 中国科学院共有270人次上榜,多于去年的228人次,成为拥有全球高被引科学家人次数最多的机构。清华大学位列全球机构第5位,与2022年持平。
************
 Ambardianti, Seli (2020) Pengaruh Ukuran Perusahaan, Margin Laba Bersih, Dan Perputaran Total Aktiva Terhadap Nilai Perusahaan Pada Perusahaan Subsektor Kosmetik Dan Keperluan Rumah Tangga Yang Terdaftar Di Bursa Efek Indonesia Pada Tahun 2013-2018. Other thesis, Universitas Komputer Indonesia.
************
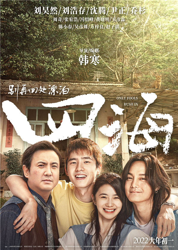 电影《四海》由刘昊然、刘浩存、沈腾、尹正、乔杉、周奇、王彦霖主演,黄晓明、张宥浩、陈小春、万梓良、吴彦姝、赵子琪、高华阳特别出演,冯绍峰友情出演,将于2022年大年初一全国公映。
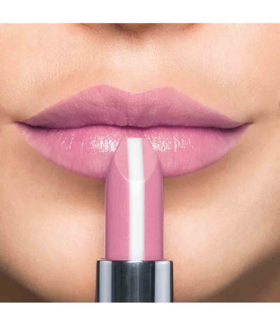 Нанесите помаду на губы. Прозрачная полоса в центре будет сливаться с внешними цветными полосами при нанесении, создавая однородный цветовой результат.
************
**Required work:** Look above for the line with "电影《四海》由刘昊然、刘浩存" and the line with "Нанесите помаду на". Output those two and everything between them exactly, pictures excluded.

**Exercise result:**
 电影《四海》由刘昊然、刘浩存、沈腾、尹正、乔杉、周奇、王彦霖主演,黄晓明、张宥浩、陈小春、万梓良、吴彦姝、赵子琪、高华阳特别出演,冯绍峰友情出演,将于2022年大年初一全国公映。
 Нанесите помаду на губы. Прозрачная полоса в центре будет сливаться с внешними цветными полосами при нанесении, создавая однородный цветовой результат.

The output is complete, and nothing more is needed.